Follow these simple steps to bake the oatmeal cups:

  1. Preheat the oven to 350ºF (175ºC). Line a muffin tin with liners or spray the tin with nonstick cooking spray.
  2. In a large bowl, mash the banana with a fork. Add the eggs, honey, and almond milk and whisk until combined.
  3. Add the rolled oats, oat flour, baking powder, and cinnamon to the wet mixture and stir until evenly mixed.
  4. Place the raspberries in a separate bowl and use a fork to partially mash them, leaving some chunks for texture.

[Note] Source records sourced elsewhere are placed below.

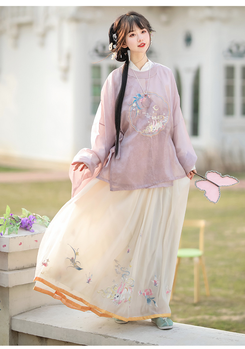 颜色 陌雨轩套装(圆领外衣+里衣+纱马面裙)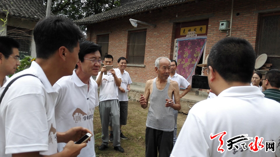 雪潇说,本次采风活动的行进路线不但是对诗歌创作,对杜甫研究都极具吸引力。这条路线,经由杜甫的足迹,已确乎成了一条诗歌的路线。杜甫的24首纪行诗,就是这条诗歌路线上24个景点。比如赤谷、铁堂峡、盐井、寒峡、青阳峡、龙门镇、积草岭、凤凰台、成县杜甫草堂,比如徽县栗川杜公村的杜公祠遗址,再比如水会渡、白沙渡、剑门等等。在徽县栗川镇杜公村,我们探访到了当年的杜公祠旧址。当我们走进杜公祠时,一位矍铄老人赤膊迎了出来,只听雪潇大喊一声,杜公来了,这就是真的杜公呀!大家一看老人的形象,发出了会心的笑声。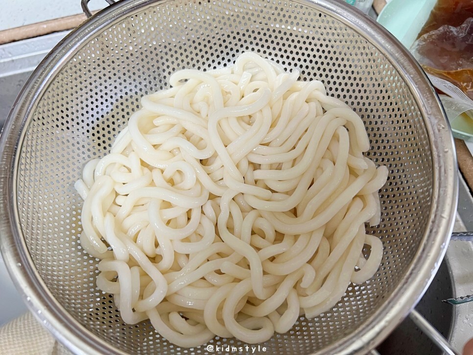 - 삶은 우동면은 물기를 제거한 후 그릇에 담아둡니다.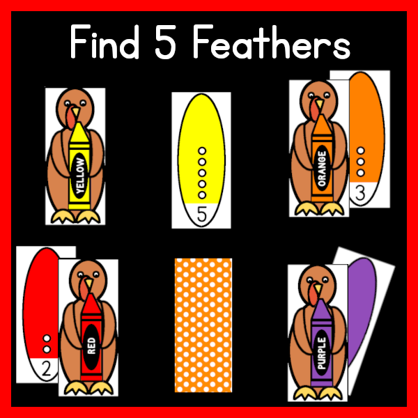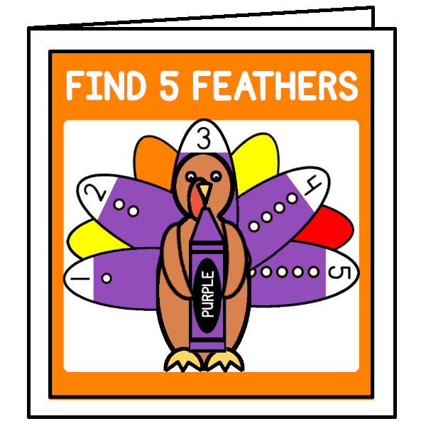 Four turkeys have lost their feathers.  Each turkey is holding a crayon with their feather color.  Be the first player to collect all 5 feathers.

Fold the raspberries into the oatmeal mixture along with the chocolate chips.
  5. Stir in the melted coconut oil and mix everything together until well combined.
  6. Scoop about 3 tablespoons of batter into each muffin cup, filling nearly to the top. Press a few extra chocolate chips on top for an attractive finish, if desired.
  7. Bake at 350ºF for 19–21 minutes, until the tops are set and a toothpick inserted in the center comes out clean or with a few moist crumbs.
  8. Allow the cups to cool in the tin for about 10 minutes before transferring them to a wire rack to cool completely.

oatmeal cup on plate

Tips & Notes

  • Muffin liners: Using liners helps prevent sticking and makes removal easier. If you don’t have liners, coat the tin well with nonstick spray.
  • Oat flour substitute: Make oat flour at home by processing rolled oats in a food processor until fine.
  • No eggs: For an egg-free option, try two flax eggs (2 tablespoons ground flaxseed + 6 tablespoons water, mixed and chilled) as a substitute.
  • Sweetness: The banana provides natural sweetness; adjust honey or maple syrup to taste or omit for lower added sugar.
  • Raspberries: Fresh raspberries are recommended for texture, but frozen raspberries work—thaw and gently drain any excess liquid before mashing.
  • Serving ideas: Enjoy warm or cold, plain or topped with yogurt, a drizzle of nut butter, or extra fresh berries.

Storage & Freezing

Store cooled oatmeal cups in an airtight container in the refrigerator for up to 5 days. To freeze, place cooled cups on a baking sheet in a single layer and freeze until firm (about 1–2 hours). Transfer the frozen cups to a freezer-safe bag or container, remove as much air as possible, and freeze for up to 3 months. Reheat from frozen in the microwave for 30–60 seconds or in a preheated oven until warmed through.

Variations

Customize this base recipe with your favorite add-ins: swap raspberries for blueberries or chopped strawberries, add a tablespoon of nut butter to the batter, or stir in chopped nuts or seeds for extra crunch. For a chocolaty twist, use cocoa powder in the dry mix and increase the chocolate chips.

Nutrition (per serving)

Approximate nutrition provided by the original recipe: Calories: 452 kcal; Carbohydrates: 65 g; Protein: 13 g; Fat: 14 g; Fiber: 11 g; Sugar: 18 g. Nutrition values are estimates and should be used as a guideline only.

Recipe by: Lee Funke

baked oatmeal on plate

If you try this recipe, consider noting any personal tweaks or favorite substitutions to make it your own. These oatmeal cups are forgiving and versatile, so feel free to experiment and enjoy a wholesome, grab-and-go breakfast.